■ TASK STATEMENT ■
All of the entries below should be returned verbatim, apart from the pictures.
Content starts
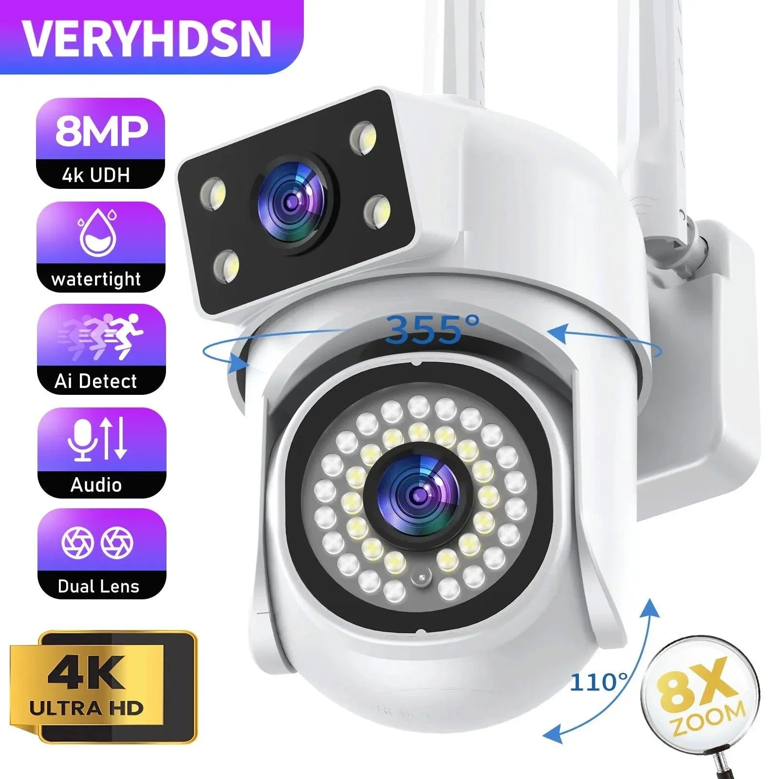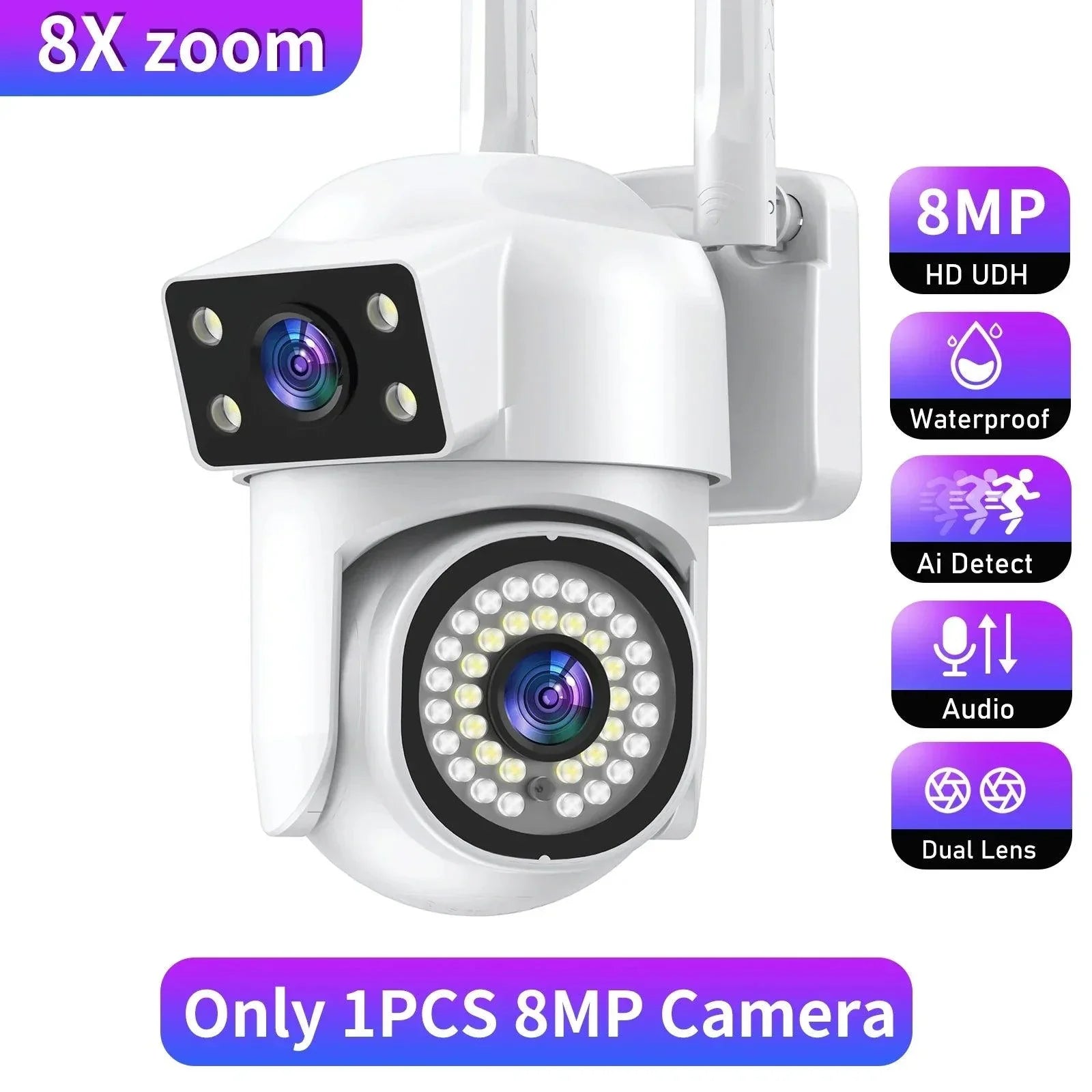 Ultimate Outdoor Security Camera Enhanced Surveillance delivers unmatched outdoor protection with dual lens performance, 8x digital zoom, IP66 weatherproof durability, and two-way audio for real-time alerts. This robust system combines fixed and PTZ views on a dual-screen app, ensuring clear, reliable surveillance in any weather.
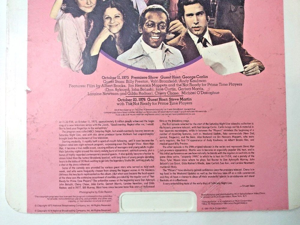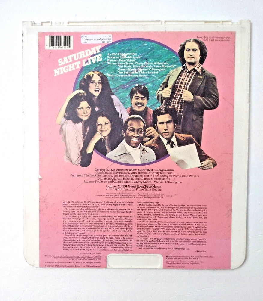 RCA SelectaVision VideoDisc CED Saturday Night Live October 11. 1975 & October 3, 1976 Volume One with Hosts George Carlin Premier Show and Steve Martin 29th Episode 0 76476 01204 Thank You.
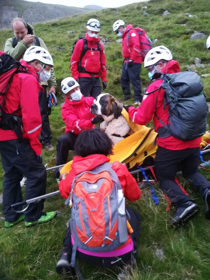 ▼那天家人帶Daisy去攀登英格蘭最高峰斯科費爾峰(Scafell Pike)。一家人準備下山時,重達55公斤的Daisy卻突然不走了。家人實在沒有辦法,只能向沃斯代爾山區救援隊(Wasdale Mountain Rescue Team)求助。救援隊的志工立刻出動,他們表示:「我們的團隊成員家裡有寵物狗,我們也有搜救犬,所以我們能理解狗狗和主人現在的苦惱。」
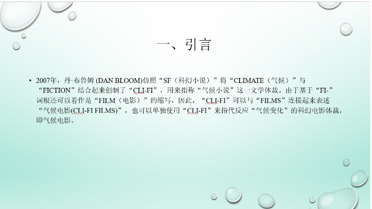 来自西北大学的仝广辉进行第二份报告的分享。其演讲的题目是“气候电影(Cli-Fi)——何是,何能、何为?”。他先从丹·布鲁姆提出的“CLI-FI”的概念出发,简要介绍了气候电影的体裁。然后从何是、何能、何为三个角度分别探讨了气候电影的分类、认识和内容体现。
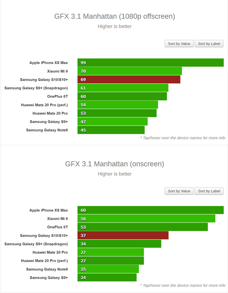 ส่วนการทดสอบกราฟิกล้วนๆ ผ่าน GFX Bench นั้น ในบางการทดสอบผลก็ออกมาสูสีกัน แต่ในบางการทดสอบก็พ่ายแพ้ให้กับพลังของ Adreno 640 เรียกว่าพลังของ GPU ของ Exynos 9820 นั้นก็ติดอยู่ในกลุ่มเรือธงของชิปเซ็ตเช่นเดียวกัน
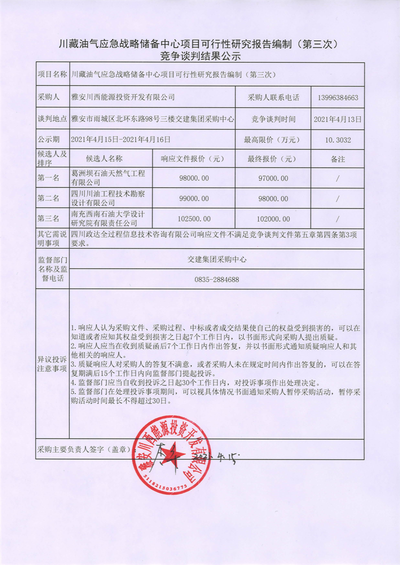 雅安川西能源投资开发有限公司川藏油气应急战略储备中心项目可行性研究报告编制 (第三次)竞争谈判结果公示
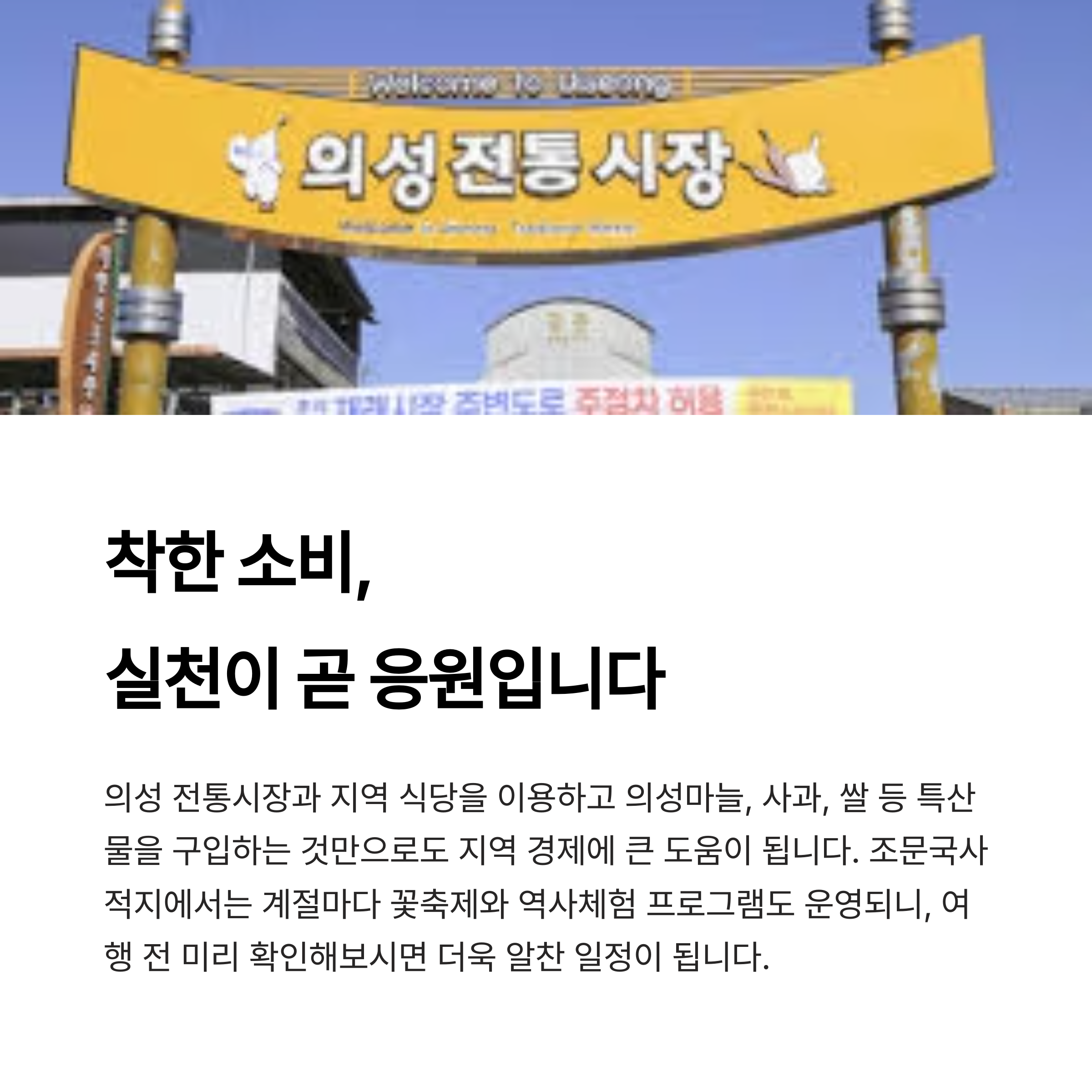 의성 전통시장과 지역 식당을 이용하고
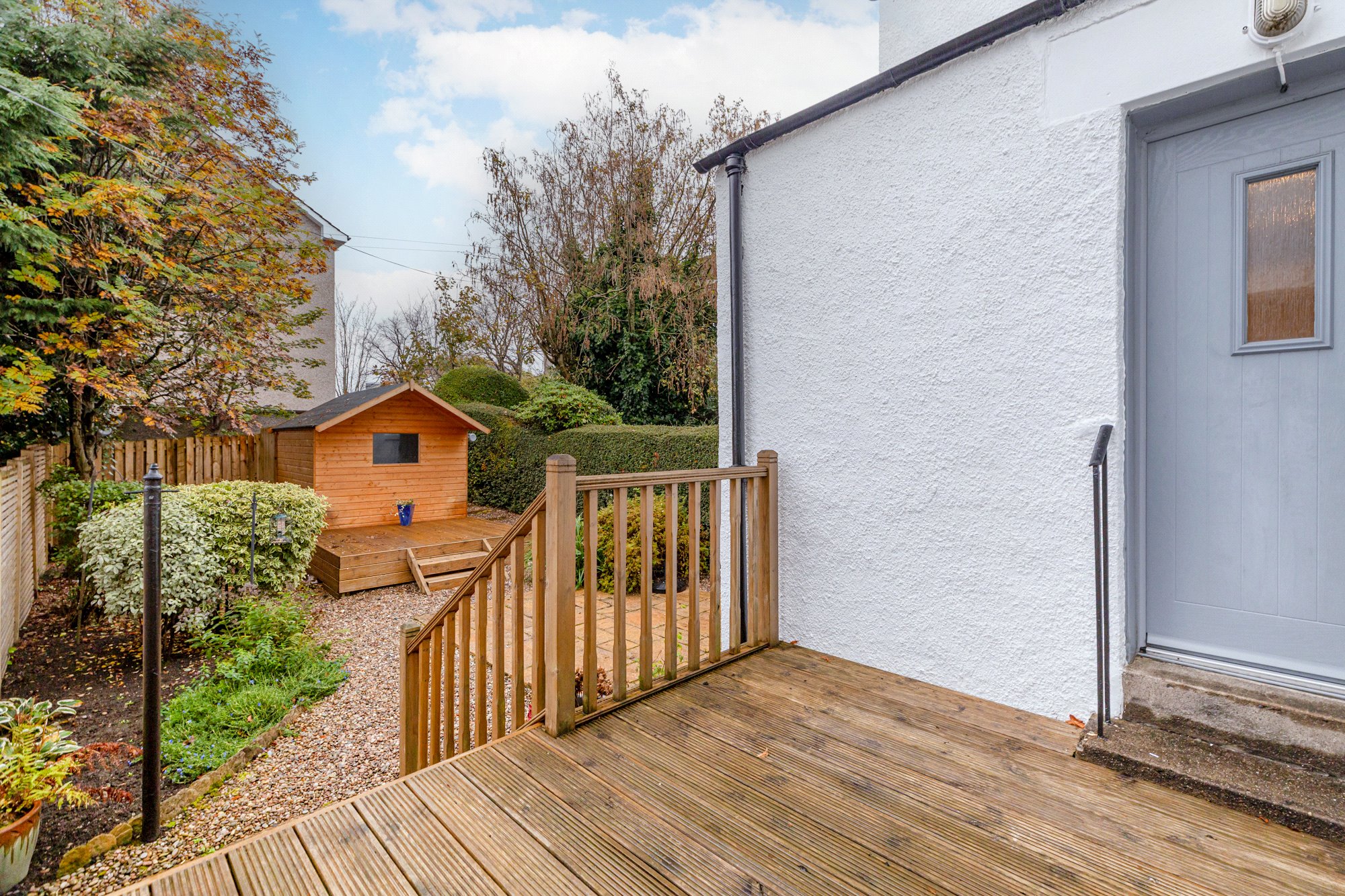 - Beautifully presented back garden with two raised sun decks, a paved patio, mature planting and a substantial, recently built wooden garden shed.
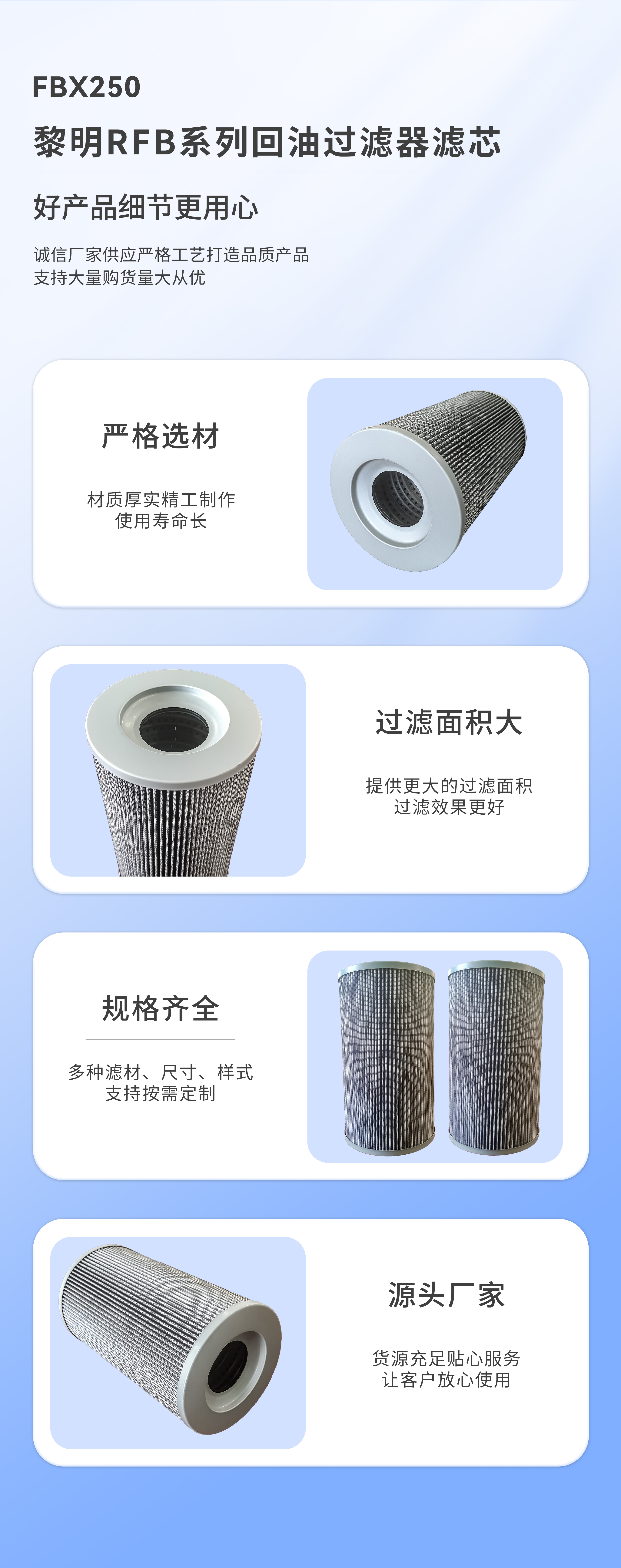 【產(chǎn)品簡(jiǎn)介】:濾芯的濾材一般都要做成波紋狀由3-5層折疊而成,采用濾材成型設(shè)備,這樣才能使多層復(fù)合纖維緊緊靠在支承網(wǎng)上,如果支承網(wǎng)與纖維濾材沒(méi)有靠死,就說(shuō)明它制作工藝欠佳。黎明FBX250回油過(guò)濾器濾芯 流量:250L/min 精度:1、3、5、10、20、30微米可選。
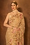 Featuring a peach and lime saree in georgette base with zardosi embroidery and an attached blouse. Accentuate it with polki jewellery, embellished heels and a clutch for a sangeet or wedding ceremony.
Content ends
■ SOLUTION BELOW ■
 Ultimate Outdoor Security Camera Enhanced Surveillance delivers unmatched outdoor protection with dual lens performance, 8x digital zoom, IP66 weatherproof durability, and two-way audio for real-time alerts. This robust system combines fixed and PTZ views on a dual-screen app, ensuring clear, reliable surveillance in any weather.
 RCA SelectaVision VideoDisc CED Saturday Night Live October 11. 1975 & October 3, 1976 Volume One with Hosts George Carlin Premier Show and Steve Martin 29th Episode 0 76476 01204 Thank You.
 ▼那天家人帶Daisy去攀登英格蘭最高峰斯科費爾峰(Scafell Pike)。一家人準備下山時,重達55公斤的Daisy卻突然不走了。家人實在沒有辦法,只能向沃斯代爾山區救援隊(Wasdale Mountain Rescue Team)求助。救援隊的志工立刻出動,他們表示:「我們的團隊成員家裡有寵物狗,我們也有搜救犬,所以我們能理解狗狗和主人現在的苦惱。」
 来自西北大学的仝广辉进行第二份报告的分享。其演讲的题目是“气候电影(Cli-Fi)——何是,何能、何为?”。他先从丹·布鲁姆提出的“CLI-FI”的概念出发,简要介绍了气候电影的体裁。然后从何是、何能、何为三个角度分别探讨了气候电影的分类、认识和内容体现。
 ส่วนการทดสอบกราฟิกล้วนๆ ผ่าน GFX Bench นั้น ในบางการทดสอบผลก็ออกมาสูสีกัน แต่ในบางการทดสอบก็พ่ายแพ้ให้กับพลังของ Adreno 640 เรียกว่าพลังของ GPU ของ Exynos 9820 นั้นก็ติดอยู่ในกลุ่มเรือธงของชิปเซ็ตเช่นเดียวกัน
 雅安川西能源投资开发有限公司川藏油气应急战略储备中心项目可行性研究报告编制 (第三次)竞争谈判结果公示
 의성 전통시장과 지역 식당을 이용하고
 - Beautifully presented back garden with two raised sun decks, a paved patio, mature planting and a substantial, recently built wooden garden shed.
 【產(chǎn)品簡(jiǎn)介】:濾芯的濾材一般都要做成波紋狀由3-5層折疊而成,采用濾材成型設(shè)備,這樣才能使多層復(fù)合纖維緊緊靠在支承網(wǎng)上,如果支承網(wǎng)與纖維濾材沒(méi)有靠死,就說(shuō)明它制作工藝欠佳。黎明FBX250回油過(guò)濾器濾芯 流量:250L/min 精度:1、3、5、10、20、30微米可選。
 Featuring a peach and lime saree in georgette base with zardosi embroidery and an attached blouse. Accentuate it with polki jewellery, embellished heels and a clutch for a sangeet or wedding ceremony.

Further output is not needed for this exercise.